Canada's western provinces, particularly Alberta, maintained active sterilization programs into the 1970s. The Sexual Sterilization Act of Alberta was not repealed until 1972, and legal actions by survivors continued for decades afterward. One survivor, Leilani Muir, sterilized at age 14 after being institutionalized at the Provincial Training School, won a landmark case against the Alberta government in 1996.

Japan's Eugenics Protection Law, passed in 1948, allowed for forced sterilization of people with genetic diseases, mental illness, and leprosy. The law remained in effect until 1996. In 2019, the Japanese government enacted legislation providing compensation of 3.2 million yen to survivors, acknowledging that at least 16,500 people had been sterilized without consent.

The Continuing Legacy

Forced sterilization did not end in the twentieth century. In 2020, a whistleblower complaint filed by a nurse at an Immigration and Customs Enforcement detention facility in Georgia alleged that a physician performing gynecological procedures on immigrant detainees had removed women's fallopian tubes without obtaining proper informed consent. An investigation confirmed multiple procedural failures. The case drew direct comparisons to the sterilization programs of the eugenics era.

Prison sterilization programs came to light in California as recently as 2013, when investigative reporting revealed that between 2006 and 2010, almost 150 women in California prisons had been sterilized, often without proper consent procedures and sometimes while women were on the operating table for unrelated procedures.

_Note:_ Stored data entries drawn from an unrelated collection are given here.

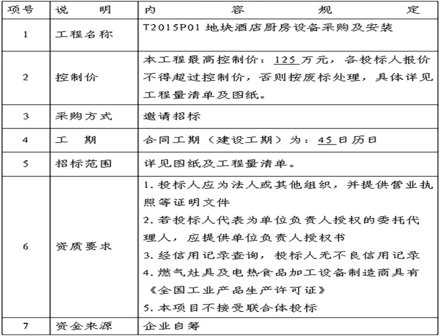 T2015P01地塊酒店廚房設(shè)備采購及安裝
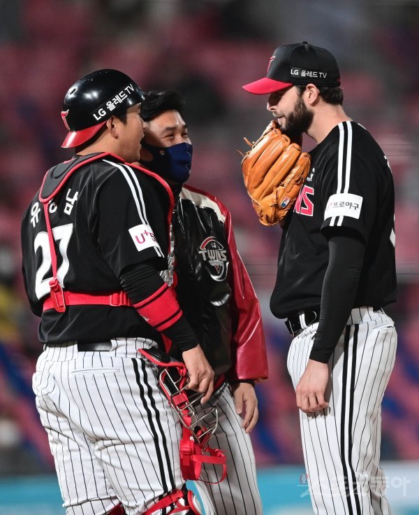 5회말 2사 1, 3루 LG 수아레즈가 마운드에 방문한 유강남과 이야기를 하고 있다.
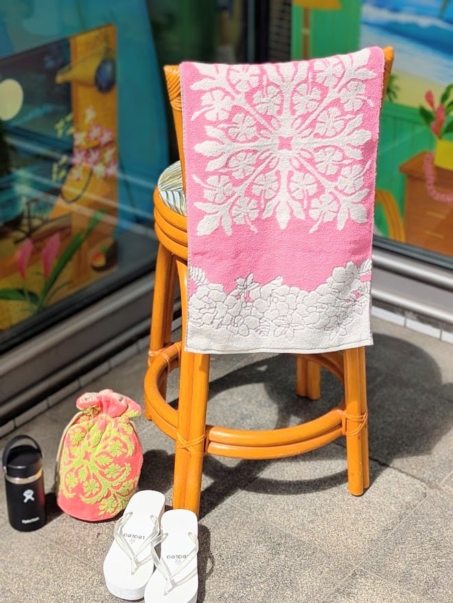 ハワイの代表的な植物をモチーフにしたハワイアンキルト柄のフェイスタオルです。
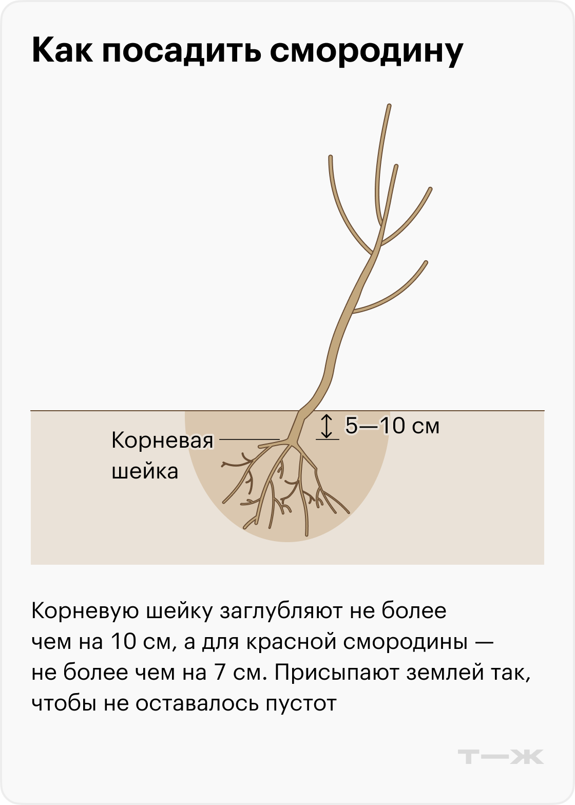 Саженец черной смородины размещают с заглублением корневой шейки до 10 см, красной — не более 5—7 см.
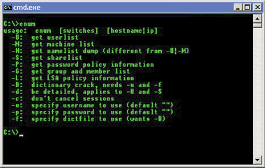 Специалисту по Windows, знакомому с Linux, полезно иметь исчерпывающий (и бесплатный) инструмент для сбора самой разнообразной информации о системе Windows. Именно таким инструментом является Enum. Запускаемая из командной строки утилита с консолью управления сообщает массу полезной информации о компьютере Win32 через службу NetBIOS, которая работает с TCP-портом 139. В ходе как неаутентифицированных (null session), так и аутентифицированных сеансов Enum может извлекать списки пользователей, систем, общих ресурсов, групп и их членов, паролей и информации о политиках LSA (Local Security Authority — локальный диспетчер безопасности). С помощью Enum можно проводить примитивные словарные атаки методом перебора на индивидуальные локальные учетные записи. На экране 1 показана подробная информация о системе Windows, которую можно дистанционно собрать с помощью этого инструмента. Enum (наряду с некоторыми другими превосходными инструментами, такими как Pwdump2 и LSAdump2) можно загрузить с сайта BindView по адресу http://www.bindview.com/services/razor/utilities.
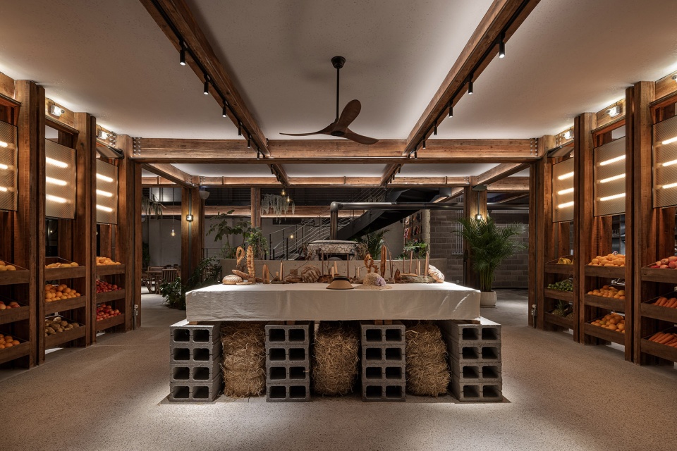在设计之初,考虑到米禾农场具备种植条件,我们提出“去餐厅化”的概念,即摒弃单一场景,打造“从农场到餐桌”的可游、可感、可食等多元体验。在传统就餐区和后厨区的布局规划基础上,增加了食材展示区、面包工坊和明档披萨炉。

The history of forced sterilization is a history of what happens when states are given authority over bodies that are deemed socially undesirable. The populations targeted have always been the poor, the marginalized, the racially othered, and those whose behavior or condition placed them outside the circle of full citizenship. The scientific justification has always been a veneer over decisions that were fundamentally about power and belonging.

Understanding this history is not comfortable. It is necessary.